■ Given records
Content starts

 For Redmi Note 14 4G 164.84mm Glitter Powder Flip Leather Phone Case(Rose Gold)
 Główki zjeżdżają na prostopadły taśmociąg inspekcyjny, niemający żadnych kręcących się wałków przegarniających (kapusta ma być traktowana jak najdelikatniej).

Content ends
Content starts

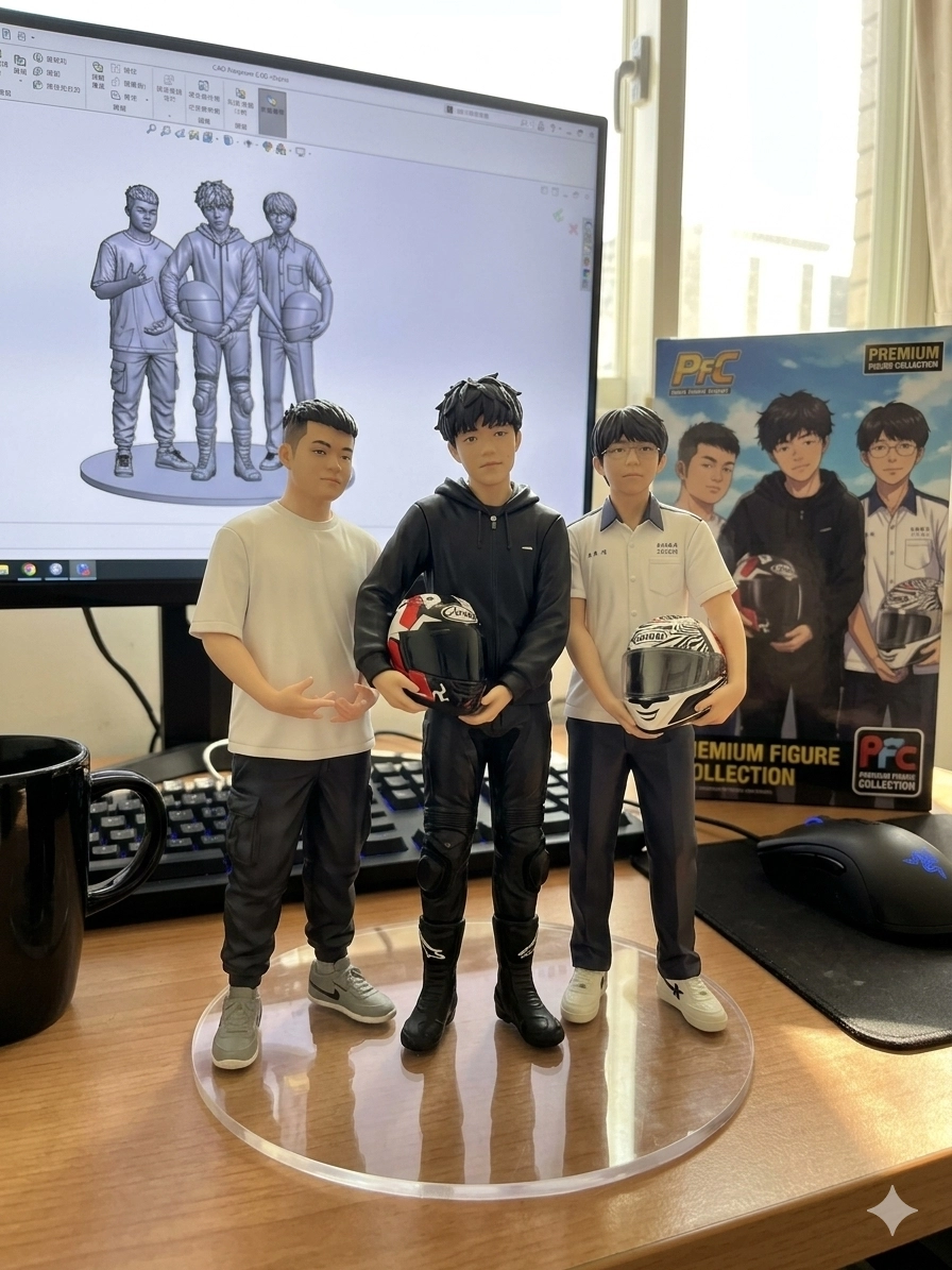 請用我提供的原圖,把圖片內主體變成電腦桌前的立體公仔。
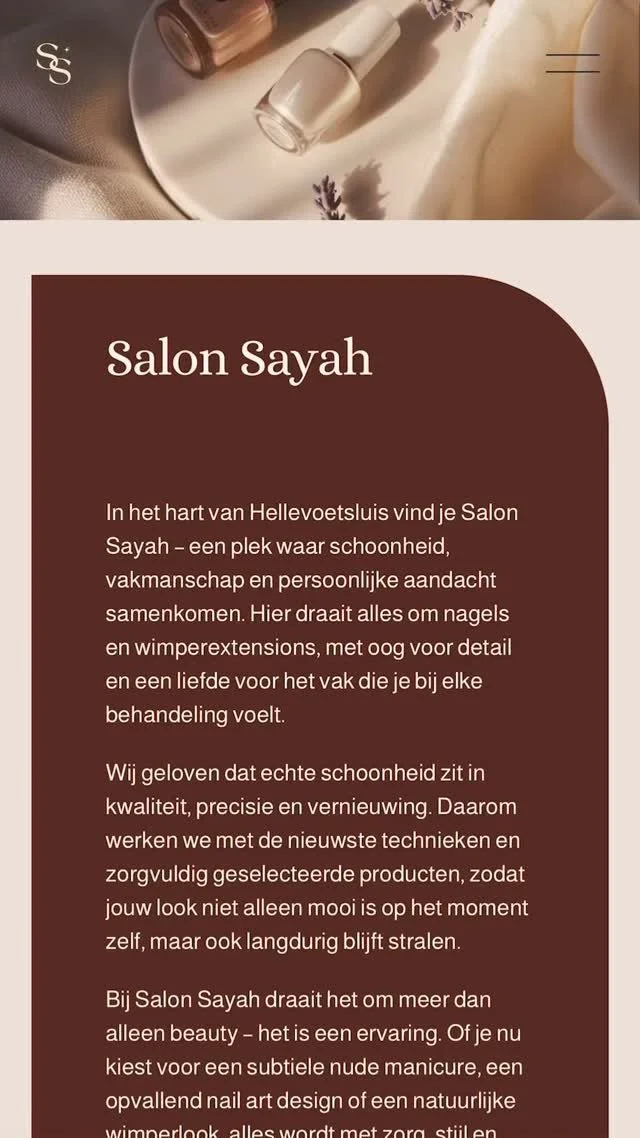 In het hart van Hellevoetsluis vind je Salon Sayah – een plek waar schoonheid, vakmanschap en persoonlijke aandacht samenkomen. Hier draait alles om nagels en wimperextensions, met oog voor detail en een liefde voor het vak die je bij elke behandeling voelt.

Content ends
Content starts

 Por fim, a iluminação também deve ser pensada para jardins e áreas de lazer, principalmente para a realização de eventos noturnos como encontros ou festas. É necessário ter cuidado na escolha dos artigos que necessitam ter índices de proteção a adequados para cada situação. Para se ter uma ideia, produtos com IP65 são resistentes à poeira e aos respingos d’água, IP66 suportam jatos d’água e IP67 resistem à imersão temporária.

Content ends

■ Problem
Beginning with the line containing "For Redmi Note" in the material above, copy every line exactly until you have copied the line containing "Główki zjeżdżają na".

■ Exercise response
 For Redmi Note 14 4G 164.84mm Glitter Powder Flip Leather Phone Case(Rose Gold)
 Główki zjeżdżają na prostopadły taśmociąg inspekcyjny, niemający żadnych kręcących się wałków przegarniających (kapusta ma być traktowana jak najdelikatniej).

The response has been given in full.